For starters, to get to an up-or-down vote on the final bill in the Senate, this 60-vote procedural hurdle will have to be jumped over again to close debate, and Sen. Joe Lieberman has already promised to join the Republicans in filibustering any bill that contains a public option. There are also several other centrist Democrats in the Senate who may not vote for cloture if there is a public option in the bill. Since the Democrats were only able to secure the minimum 60 votes to get past the Republicans this time, without Lieberman's vote (and all of the centrists'), if no Republican jumps ship, a bill containing a public option cannot get to the floor.

Also, it is easy to forget that a health care bill only barely made it through the House (220-215), and did so only after Democrats agreed to pass the bill despite the inclusion of the anti-abortion Stupak Amendment, which wouldn't just prevent the government from funding abortions, but would actually have the effect of making it harder for many women to exercise their constitutional right to choose under health care reform than it is today. True, the Senate's version has a less onerous anti-abortion provision, but if the House anti-choice Democrats stand firm again, even if a bill gets through the Senate, when it comes out of conference, the House will have two options, neither of which is good: pass the bill with the odious Stupak Amendment intact, or watch the bill go down to defeat at the hands of the anti-choice Democrats.

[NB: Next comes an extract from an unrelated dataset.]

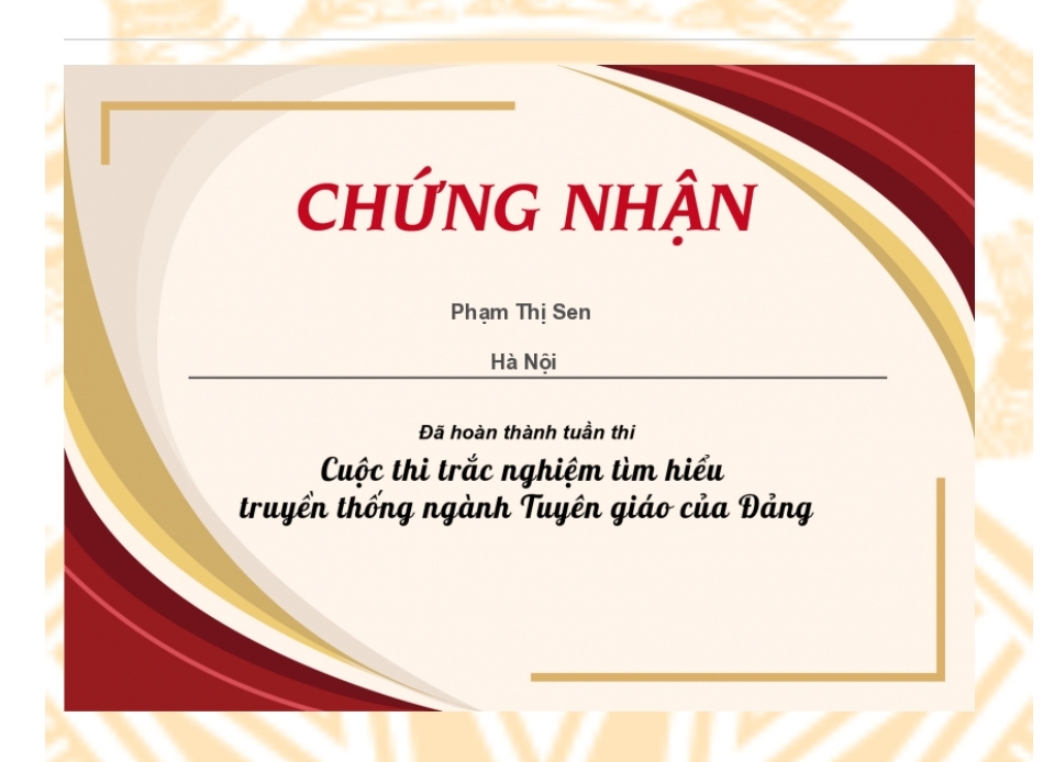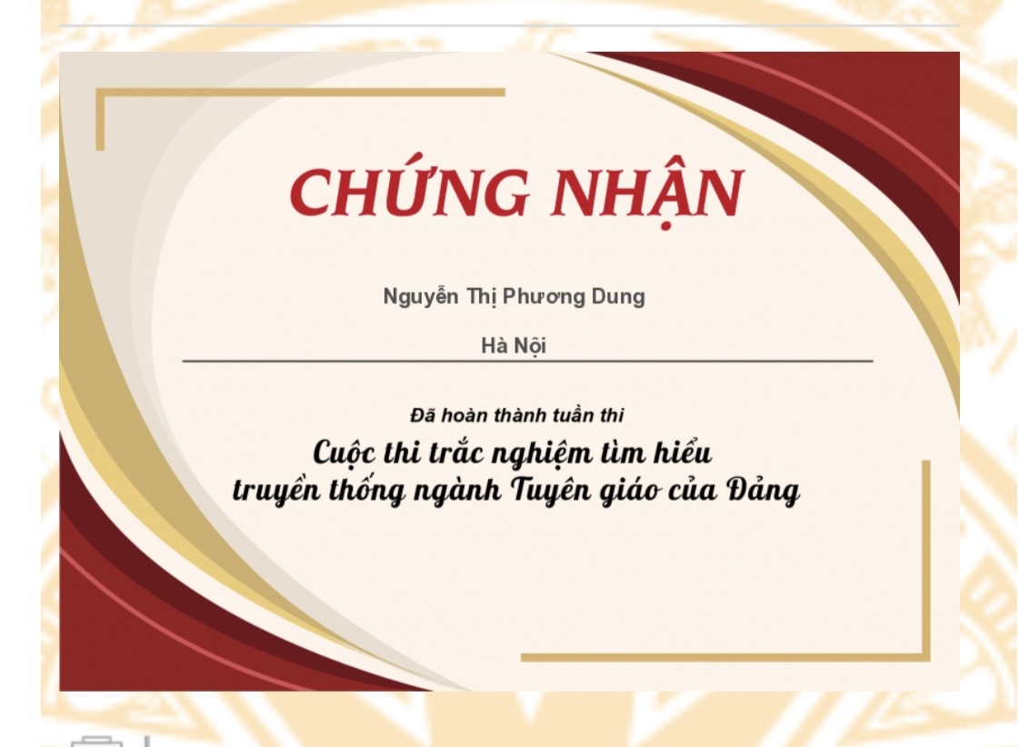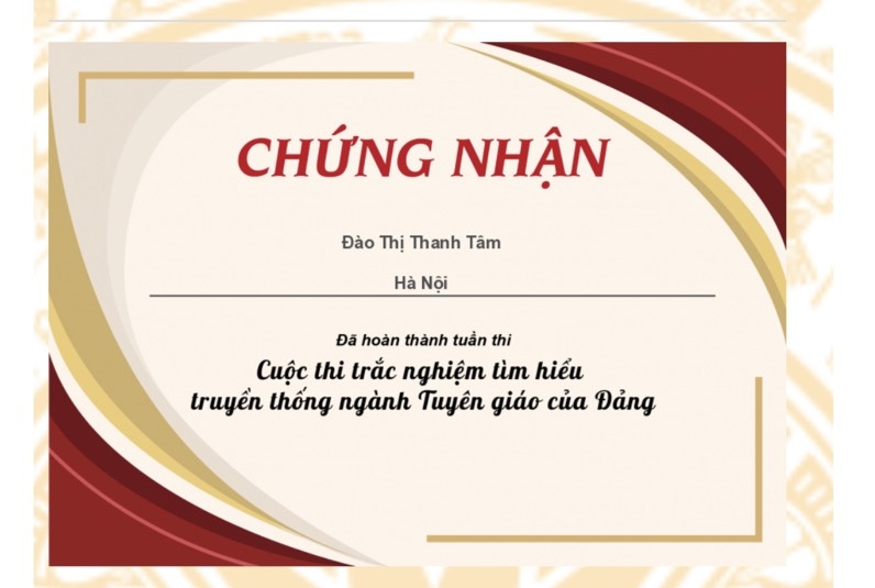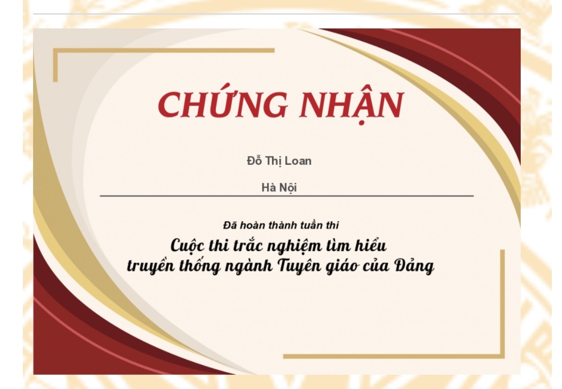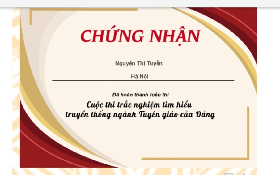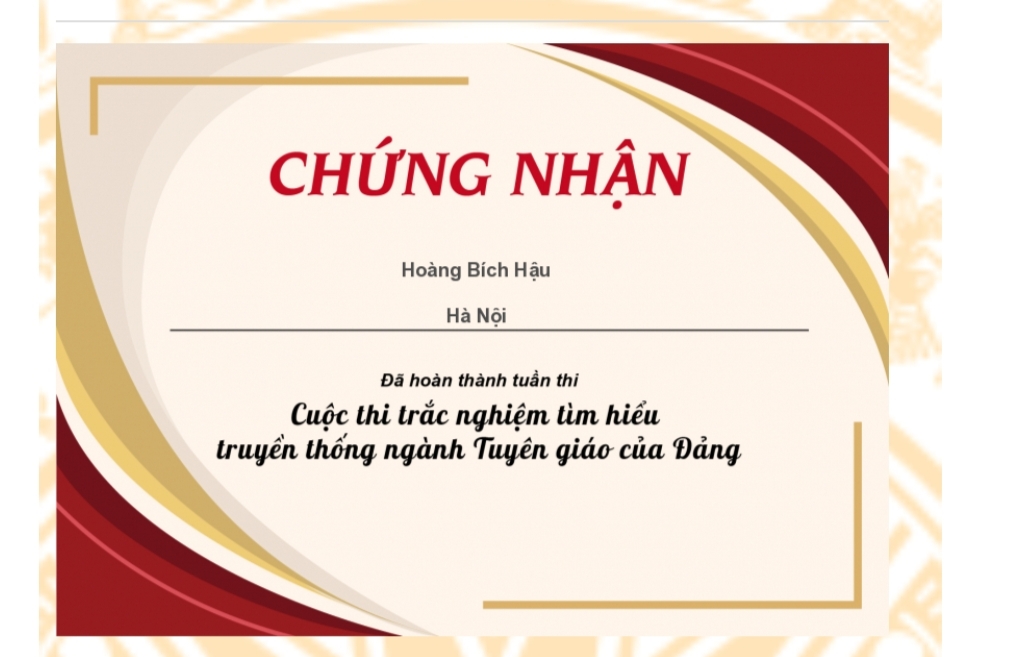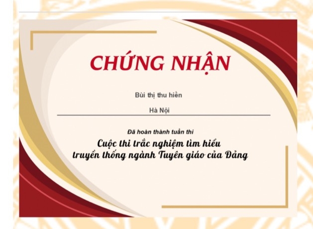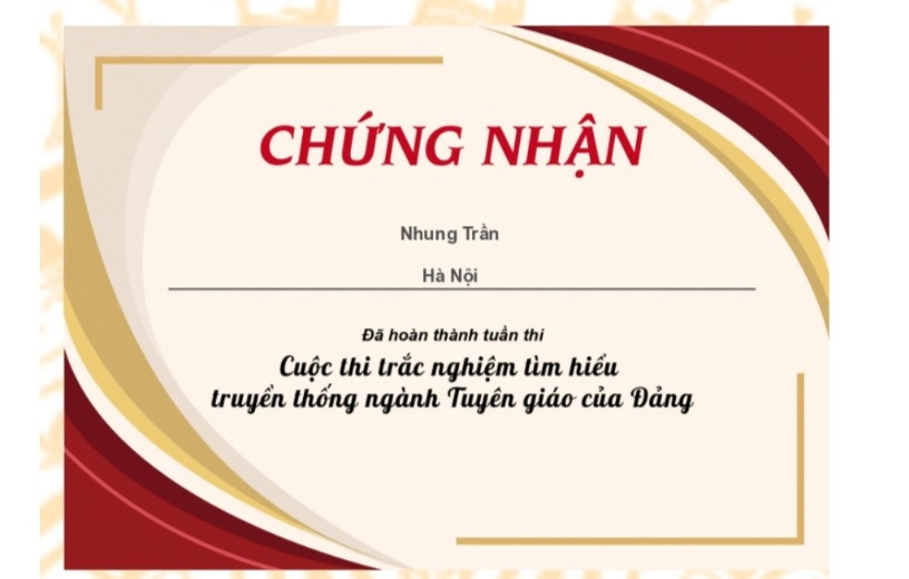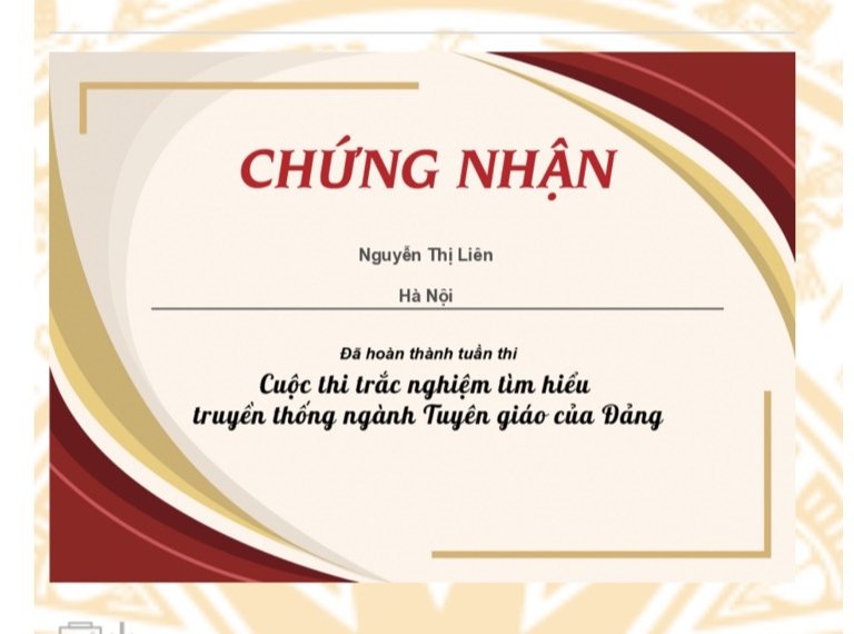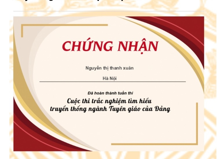 Nhân dịp kỷ niệm 93 năm Ngày truyền thống công tác Tuyên giáo của Đảng (01/8/1930 - 01/8/2023). Cán bộ, giáo viên, nhân viên Trường Mầm Non La Khê tích cực hưởng ứng tham gia Cuộc thi trắc nghiệm tìm hiểu truyền thống Ngành Tuyên giáo của Đảng. Tập thể CBGVNV nhà trường đã hưởng ứng tham gia cuộc thi và nhận được những tấm giấy chứng nhận đã hoàn thành tuần 3 của cuộc thi.

So what am I supposed to celebrate, exactly? That a health care bill will be debated? Even though, to get past a 60-vote cloture motion, it will have to be gutted even beyond the shadow of a bill it is now (the current bill has a weak public option, no other mechanism to really cut costs, and hands billions of dollars to the insurance companies who are a big part of the original problem)? I'm not saying I don't support this weak bill (it's better than nothing), but if it gets any weaker and cuts into the constitutional right of women to choose, really, does the good still outweigh the bad?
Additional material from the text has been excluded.